The initial 2005 guarantee from Cusack was for $150,000, and in respect of all present and future liabilities of Samson. The guarantee was not tied to any specific loan, and Cusack received independent legal advice. In 2006 when the loan was increased to $250,000, a new loan was signed by Samson, and Cusack provided a new continuing guarantee in favour of RBC in respect of the Samson debt. Once again, the 2006 guarantee was not tied to any specific loan and Cusack received independent legal advice.

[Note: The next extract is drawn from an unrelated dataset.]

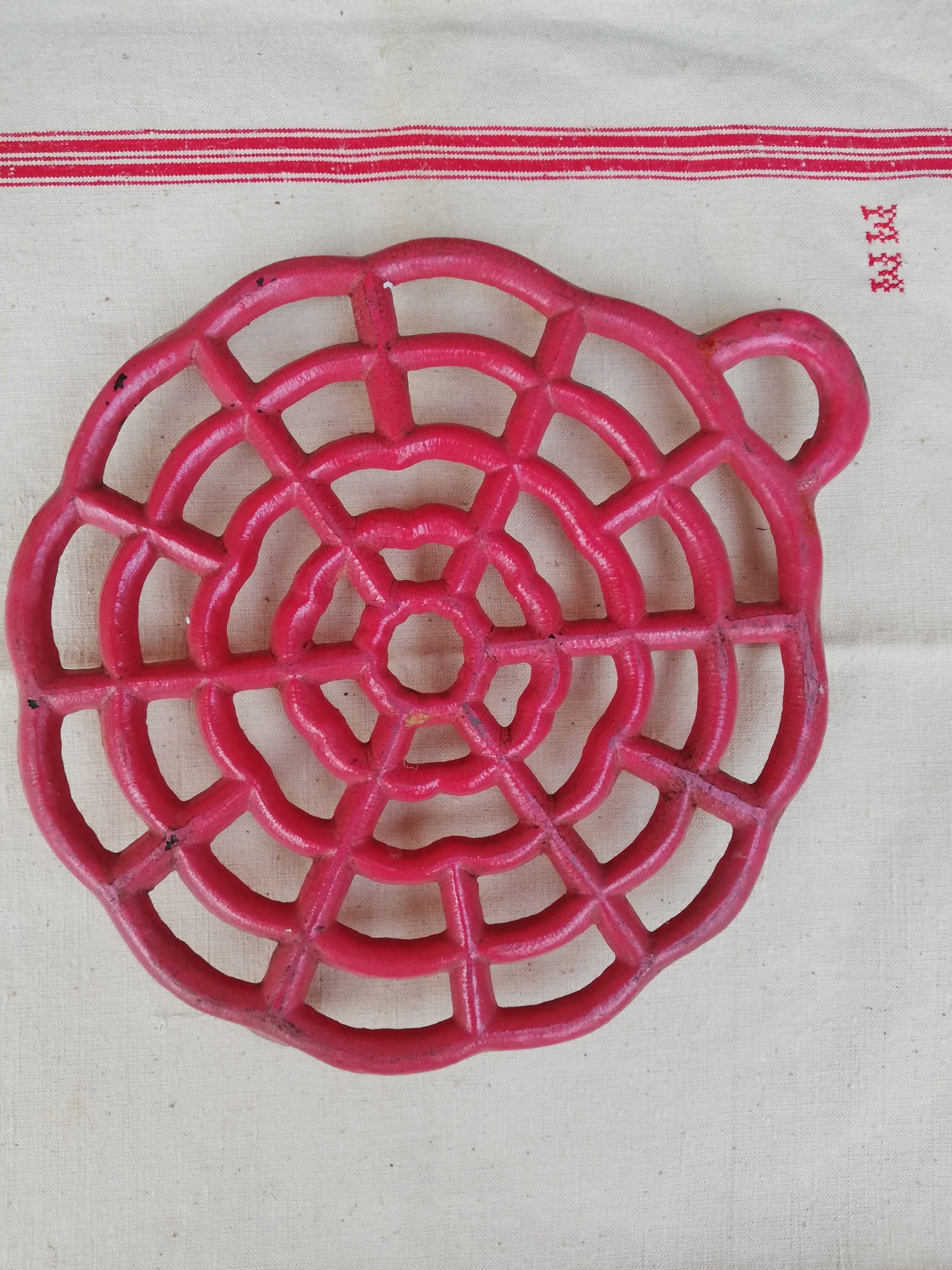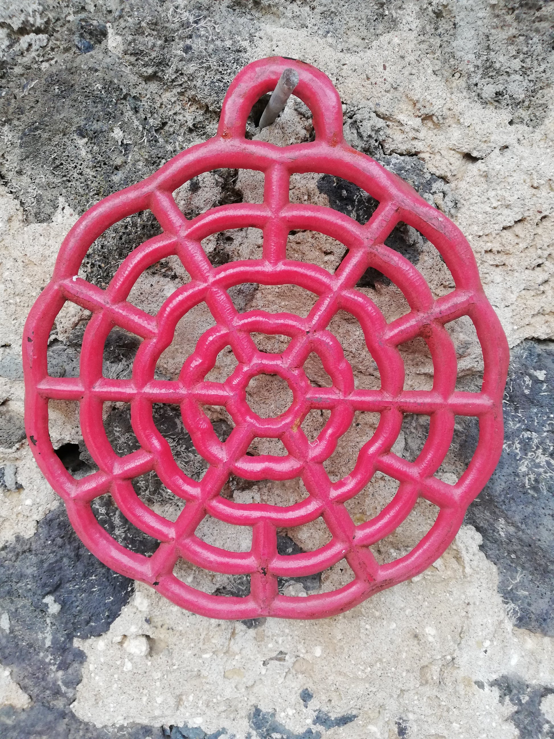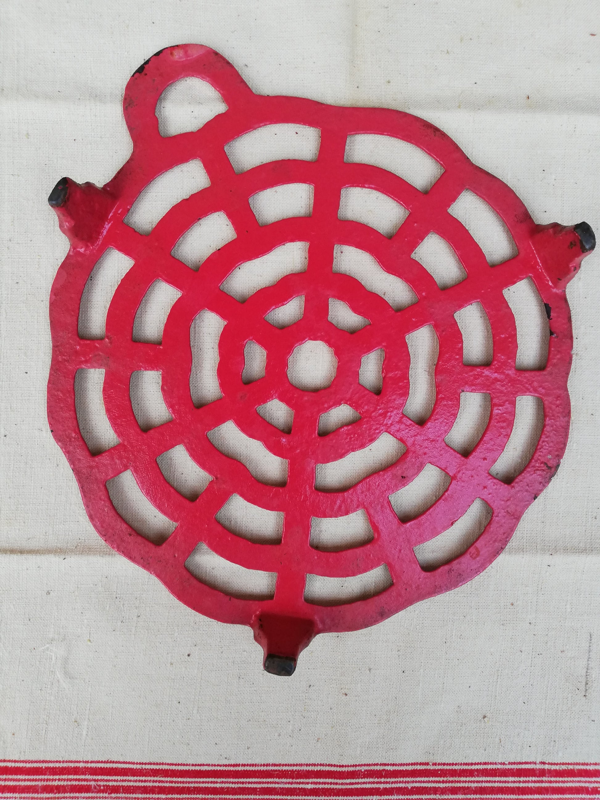 Dessous de plat rouge ancien en fonte diamètre 24 cm

In 2008, the loan was increased to $500,000 and other new terms and conditions were documented in a new loan agreement. A new guarantee from Cusack was not requested by RBC and instead the bank continued to rely on the 2006 guarantee. In 2009, the loan amount was further increased to $750,000 and again, RBC continued to rely on the 2006 guarantee. Each loan agreement cancelled and superseded the previous agreement. At the time of each of these changes to the underlying loan agreements, RBC did not have any contact with Cusack, nor did she ever receive a copy of any of the loan agreements.

Court Findings

The court at first instance held on summary judgment that the 2006 guarantee was unenforceable, as:

there were material changes to the underlying loan agreements following the granting of the 2006 guarantee to which Cusack never consented; and there was an obligation on RBC to apprise Cusack of changes to Samson's loan liability, so that she would be aware of change to her risk. In overturning that decision, the Court of Appeal noted that the motions judge did not analyze the specific language of...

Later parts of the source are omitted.